Blessedly, for Idle’s sake, all surviving Pythons consider Spamalot a very good idea, and supplied helpful notes along the way, though none has yet seen the show. Cleese, who has magnanimously sublet his New York apartment to Tim Curry for the run, plans to attend opening night (or, per marquee, OPENING KNIGHT). Last fall, he briefly visited rehearsals and watched the gaudy Camelot number take shape. “It was already hilarious in a silly kind of way that I couldn’t remember anything else being silly, comparably,” he says. “Just full of joy and silly nonsense. Everybody came out of it with sort of mindless grins, looking vaguely pink and healthy.” Michael Palin, meanwhile, contributed to the Playbill a set of meticulously absurd mock-program notes for an imaginary production—Bin Faaarkrekkion’s New Moosical: Dik Od Triaanenen Fol (Finns Ain’t What They Used to Be). This gesture from Palin, who has in recent years become a BBC travelogue purveyor, warmed Idle no end. “I can see him being wistful for comedy, hankering,” Idle said of his old mate, at dinner. “Because you don’t lose that thing where you want that laugh. I keep trying to nudge him. He’s got more to give.”
“Fear of comedy is all so much about who you do it with,” Nichols now said, recognizing intimately the bittersweet in Idle’s comments. “A terrifying amount of it is. I couldn’t do it at all at first, and then I could only do it with Elaine.

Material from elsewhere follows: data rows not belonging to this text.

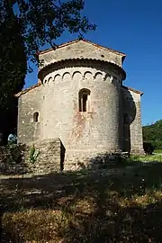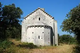 Le chevet plat caractéristique de l'architecture wisigothique se retrouve ensuite dans les chapelles relevant de l'architecture préromane de tradition wisigothique telles Saint-Laurent de Moussan et Saint-Nazaire de Roujan.
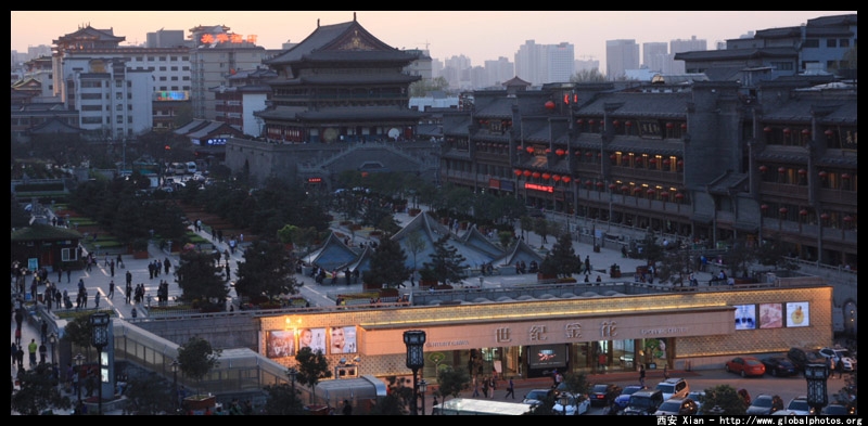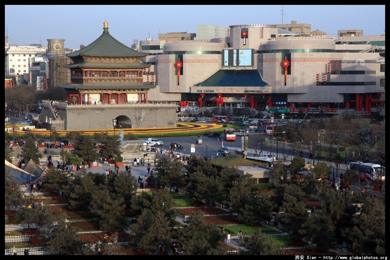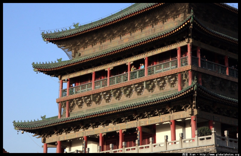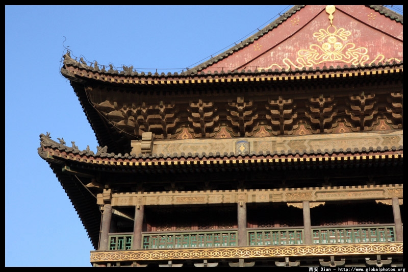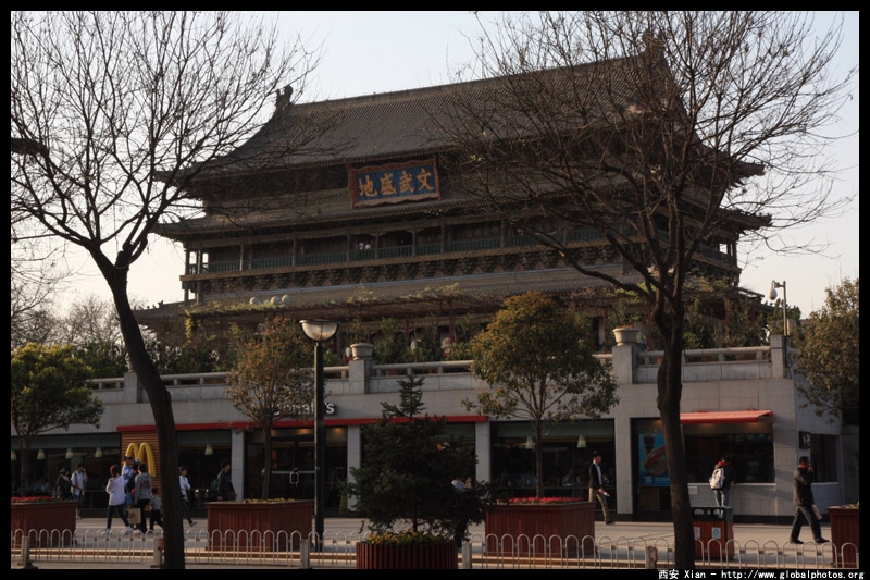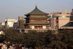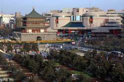Today, the Bell Tower sits at a central location - in the heart of a massive traffic circle where the north-south and east-west axes intersect. Like most of Xian's big attractions, it costs a lot of money to go in. 50 yuan later, I had a ticket for this and also the nearby Drum Tower.
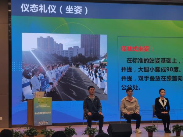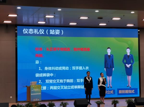中国管理科学研究院学术委员会特约研究员、IPA国际注册礼仪培训师认证管理中心高级礼仪培训师、陕西省礼仪协会高级礼仪培训师黄廷君为大家讲解了赛会礼仪形象训练,仪态礼仪和递接礼仪部分内容由助教老师进行示范,并邀请了4名志愿者上台学习,带领全体志愿者共同学习“引领礼仪”和“握手礼仪”。
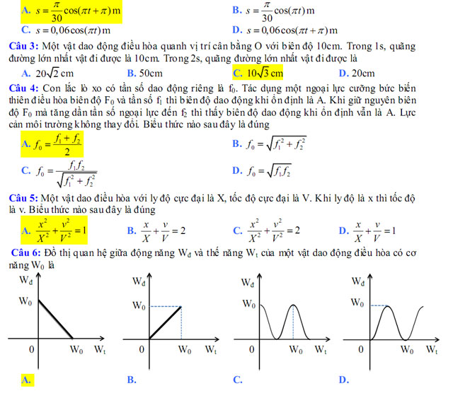 Câu 2: Treo con lắc đơn tại vị trí có gia tốc trọng trường g = 10 = π2 (m/s2), chiều dài dây treo là 1m. Bỏ qua lực cản. Kéo vật lệch khỏi phương thẳng đứng một góc 60 rồi buông nhẹ cho vật dao động. Chọn gốc thời gian khi buông vật, chiều dương là chiều chuyển động của vật ngay khi buông vật. Phương trình dao động của vật nhỏ là
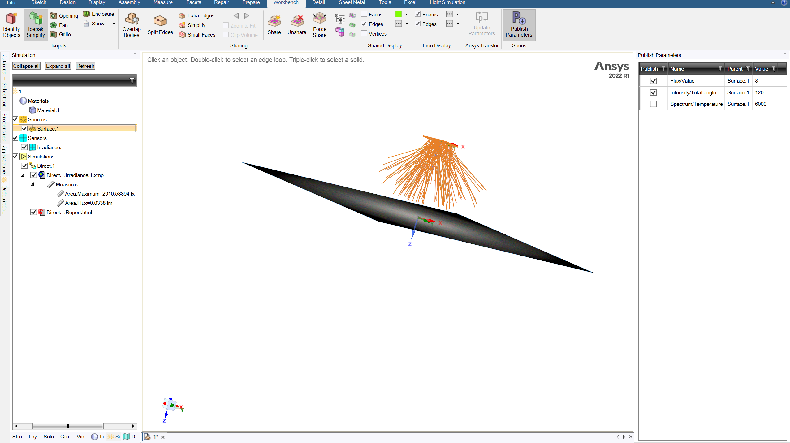 3.speos界面,重新运行direct仿真。
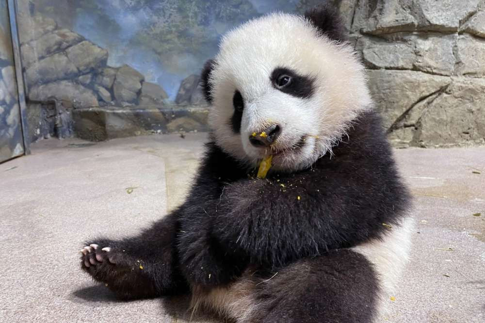 У пары есть детеныш мужского пола, Сяо Ци Цзи. Он родился в Смитсоновском зоопарке в 2020 году.
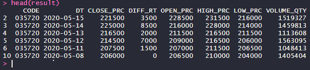colnames(t) <- c('CODE','DT','CLOSE_PRC','DIFF_RT','OPEN_PRC','HIGH_PRC','LOW_PRC','VOLUME_QTY')
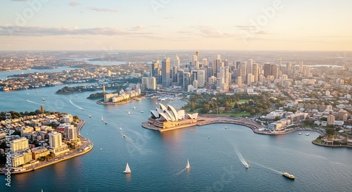 © Sadaqat, Obraz premium Iconic Sydney: Aerial View of the Opera House and Harbour Business District
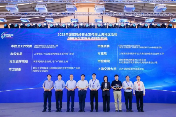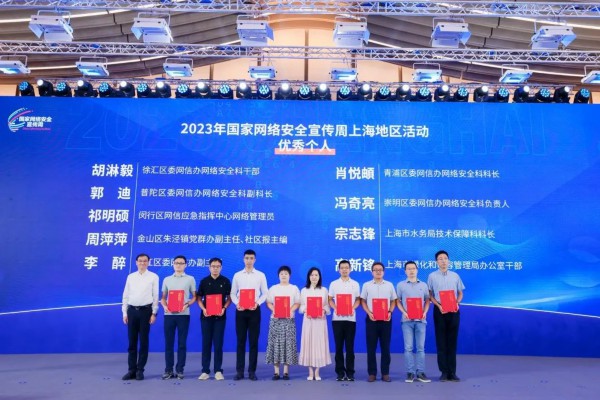 闭幕式上,对18家网络安全宣传优秀组织单位、18名网络安全宣传优秀个人、20个网络安全宣传优秀典型案例进行了表彰,并邀请了多位优秀代表交流网络安全工作的心得体会,分享各自的工作经验。活动宣布了普陀区成为2024年国家网络安全宣传周上海地区活动的主办区。
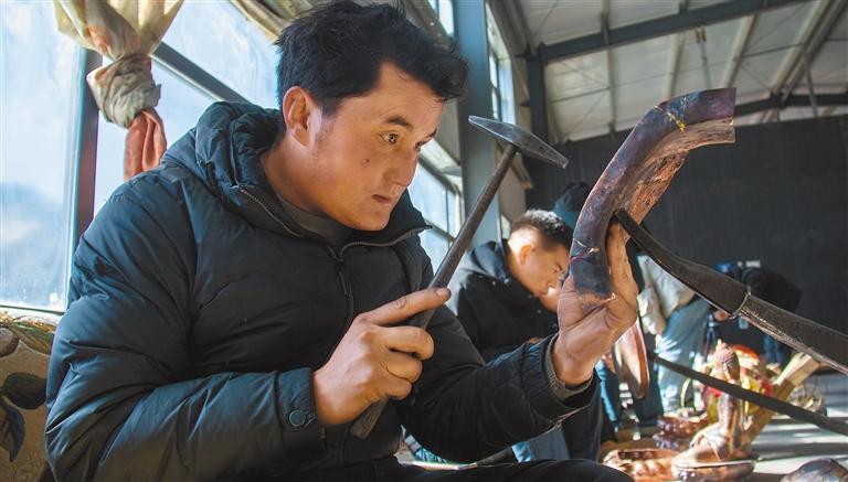 在國(guó)家級(jí)非遺孜東銅器作坊,工作人員正在制作銅器。
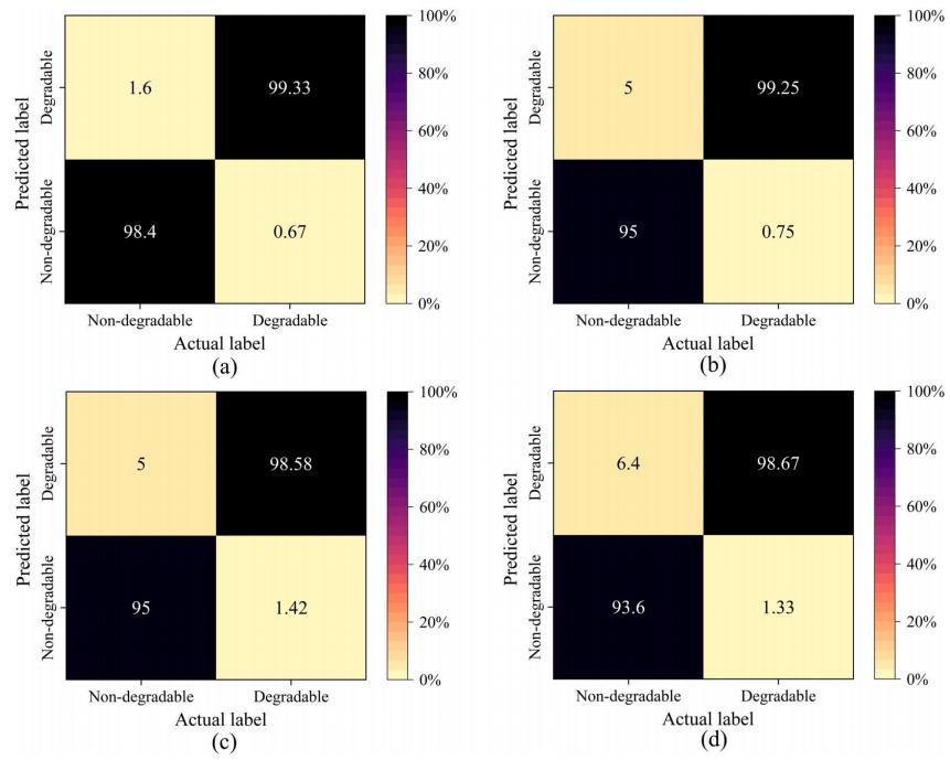 圖6 四種方法對可降解塑料和不可降解塑料的分類結(jié)果。Dy-ResNet(a), Dy-CNN(b), ResNet(c), CNN(d)
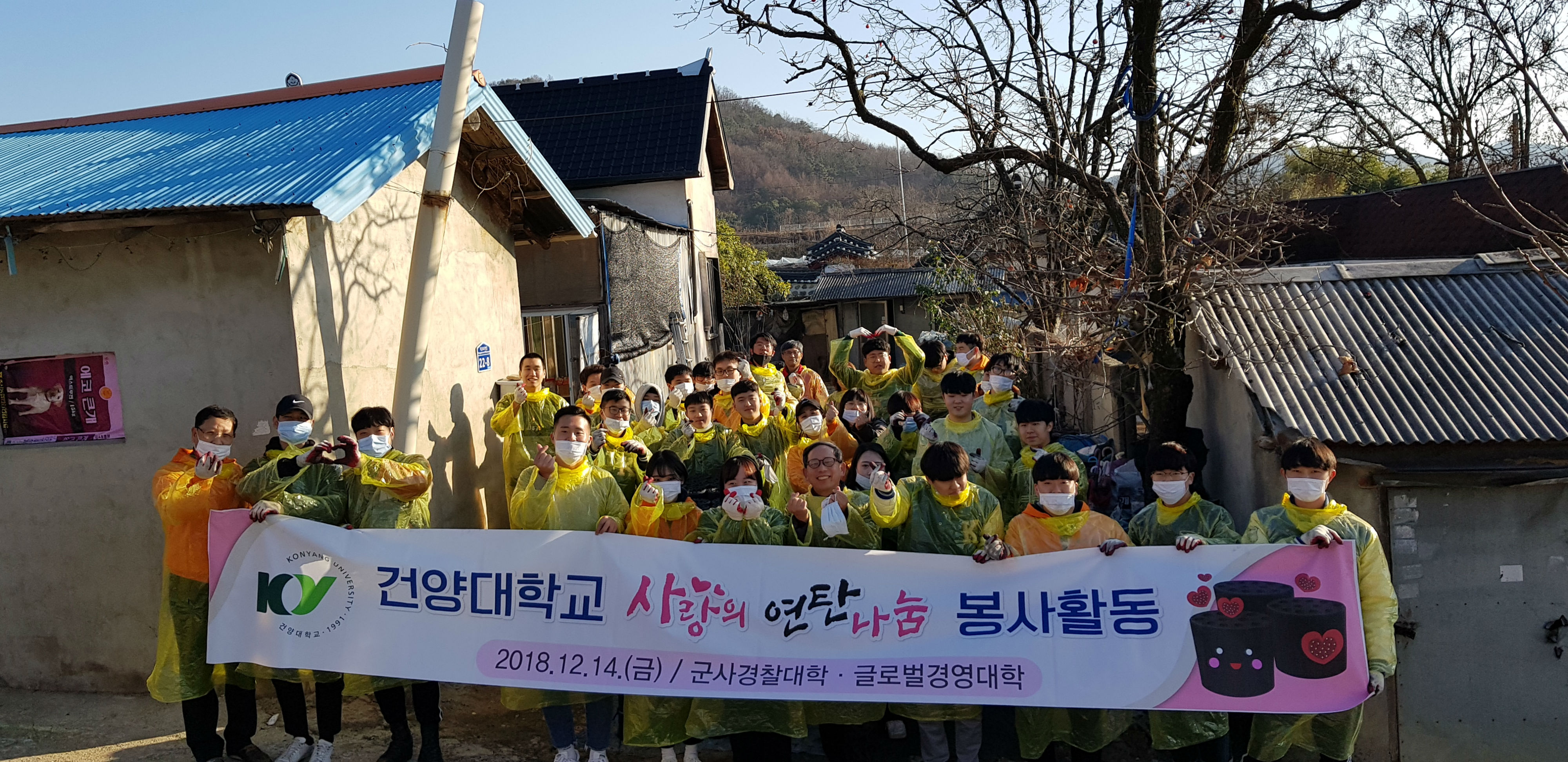 건양대학교(총장 이원묵) 군사경찰대학(학장 이세영)과 글로벌경영대학(학장 이영환) 교직원과 학생들 40여명은 14일 대학 인근의 어려운 이웃을 찾아 연탄 나누기 봉사를 통해 뜨거운 사랑을 실천하는 뜻깊은 행사를 가졌다.
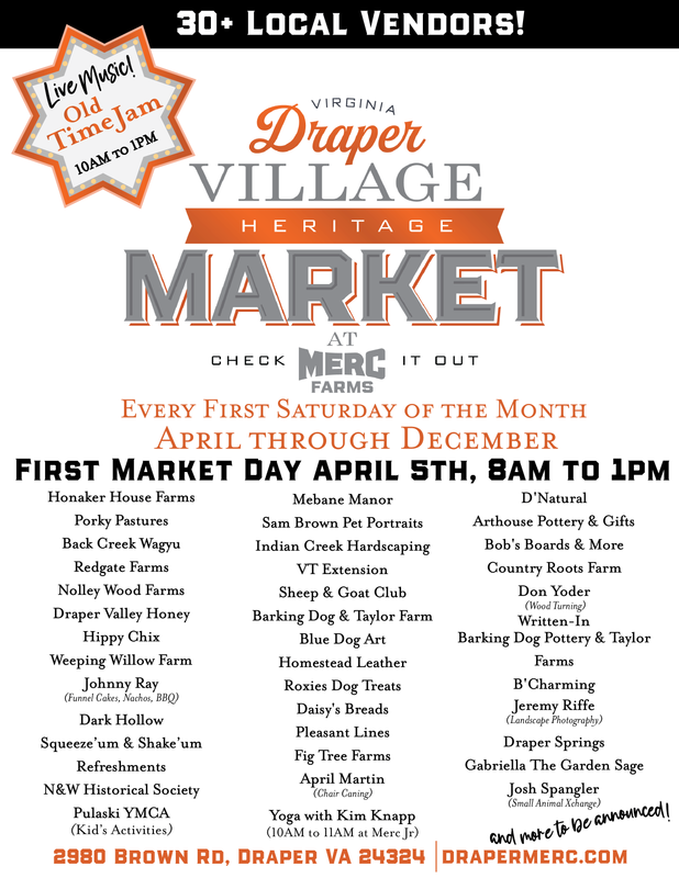 We’re excited to kick off our very first Draper Heritage Market! Our market will be held on the first Saturday of every month with a new theme each month. Located in the heart of Draper, VA, the Draper Village Heritage Market is a vibrant gathering place that celebrates our community’s rich heritage, craftsmanship, and agricultural roots.
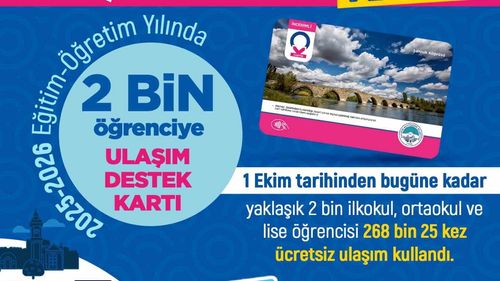 Kayseri Büyükşehir Belediyesi ulaşım kartı desteğinden 1 Ekim'den bu yana 1982 öğrenci yararlandı; 3 ayda 268 bin 25 ücretsiz yolculuk gerçekleştirildi.
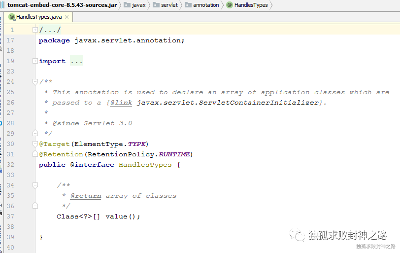 HandlesTypes 注解里面的接口下面的所有的实现类。然后再这个 onStartup 方法内部,将会循环的去调用这些实现类的方法,并将 servletContext 传递给这个实现类。可以猜到,HandlesTypes 注解必定也是 Servlet 所提供的。
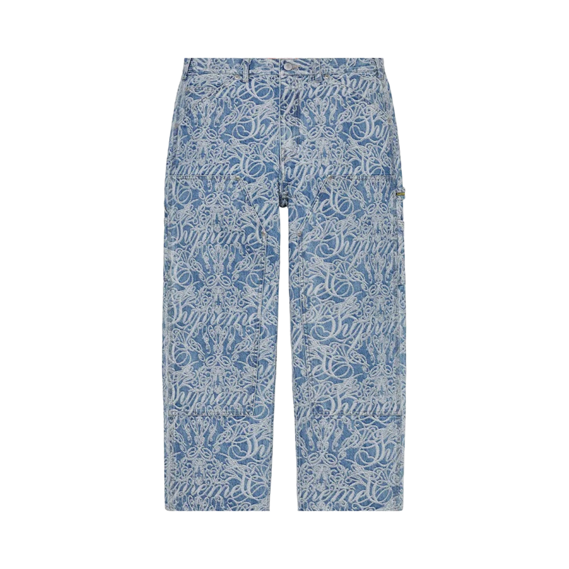 Supreme Script Jacquard Double Knee Denim Painter Pants Washed Blue - 22FW
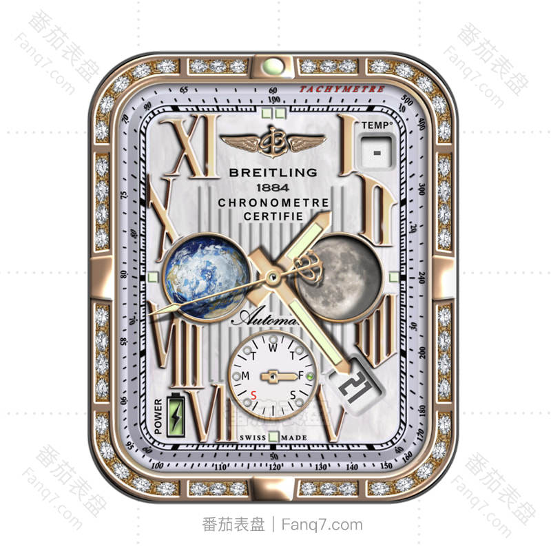 breitiling百年灵钻石边玫瑰金地球 三盘表盘.clock
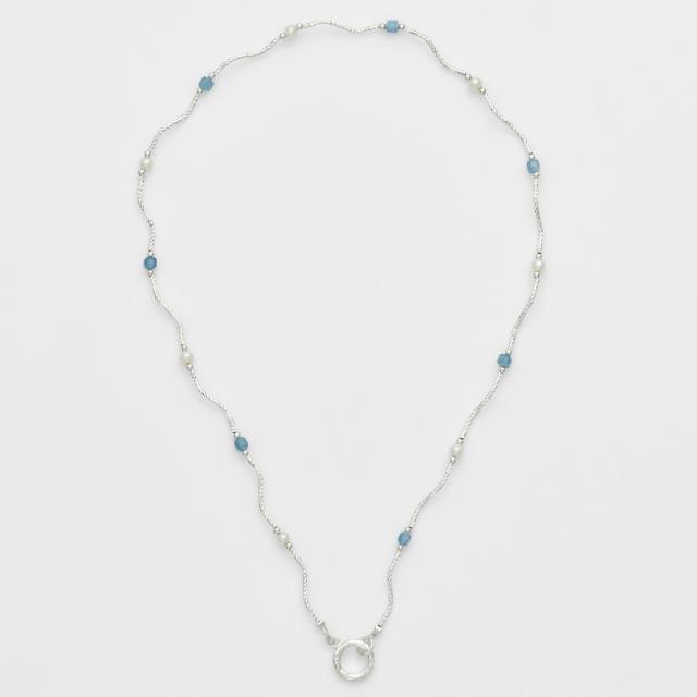 涼やかなアクアマリと淡水パール、そしてシルバーの調和が、すっきりとした印象のネックレス。甘さを感じる組み合わせながら、細やかなカットを施したシルバーのパイプをベースにすることで、洗練されたスタイリッシュなムードに仕上げています。開閉できるサークル状の金具にネックレスチャームを通せば、お手持ちのチャームとの組み合わせも自由自在。重ね付けのスタイリングをより洗練された印象に仕上げます。金具を後ろに回すことで、シンプルなチェーンネックレスとしてもお使いいただけます。※天然石や天然素材を使用しているものは、サイズ・色味・風合いの違いや、若干の傷、内包物の有無などに個体差があります。予めご了承ください。※ワイヤーは折れないように保管をお願いします。

Then I could do it with certain other people, but like only 20 percent of what I could do with Elaine. There’s nothing like two or three or four people finding something that is like love—or whatever the hell it is—and having things happen that surprise them all. Therefore, who you’re with is everything. It’s very lonely and scary and awful to do it alone.” In afterthought, he also said, “Elaine and I had a long phone conversation today, because she saw the show yesterday, and she was so nice about it.”
Elaine May had, in fact, attended the private afternoon “gypsy” performance of Spamalot—a customary pre-preview unveiling for show folk and friends only—and brought with her Stanley Donen, the legendary director of Singin’ in the Rain (“The best movie musical of all time,” according to Nichols, and history). Afterward, Donen told Idle “all this flattering stuff—he’s seen everything since the thirties, and he said, ‘It’s the best musical in ages.’ He loved the fact that the music kept commenting on what was going on . . . I was lapping it up, like the cherry on the cappuccino!” Also customary before a gypsy preview is an introductory speech delivered by the show’s director, the stark prospect of which had given Nichols great pause. One night later, at the Square Table, Idle provided illustration. “I realized,” he said, “that Mike is basically—still, no matter what he does—a comic, first and foremost. For about 24 hours he obsessed with it. Then he said, ‘You’ve got to do this with me!’ Yesterday morning, he calls me first thing and says, ‘Now, about our bit . . . ’ Not a concern in the world about the play. Just the bit—it’s about the bit!”
“But you felt the same about it,” said Nichols, very bemused. “It’s our bit, for God’s sake.” “Utterly! Of course!” said Idle. “We were like kids backstage, panicking. All the cast is going by, and we’re not even reassuring them. They’re doing a first show, a first performance!”
“It had nothing to do with them,” Nichols protested.
“They don’t realize that we have to go do a speech!” said Idle.
“Then Mike said, ‘You have to stand on this side of me, on the right side, because that’s where Elaine stood.’ I thought, Oh, I’m being Elaine for a day!”
“It’s really true,” confirmed Nichols. “It’s really strange. I can only turn that way. It’s like your side of the bed!”
“So,” said Idle, cheeky as he will ever be, “we’ve been on Broadway together for one night only! Isn’t that great? Yeah, we did it.”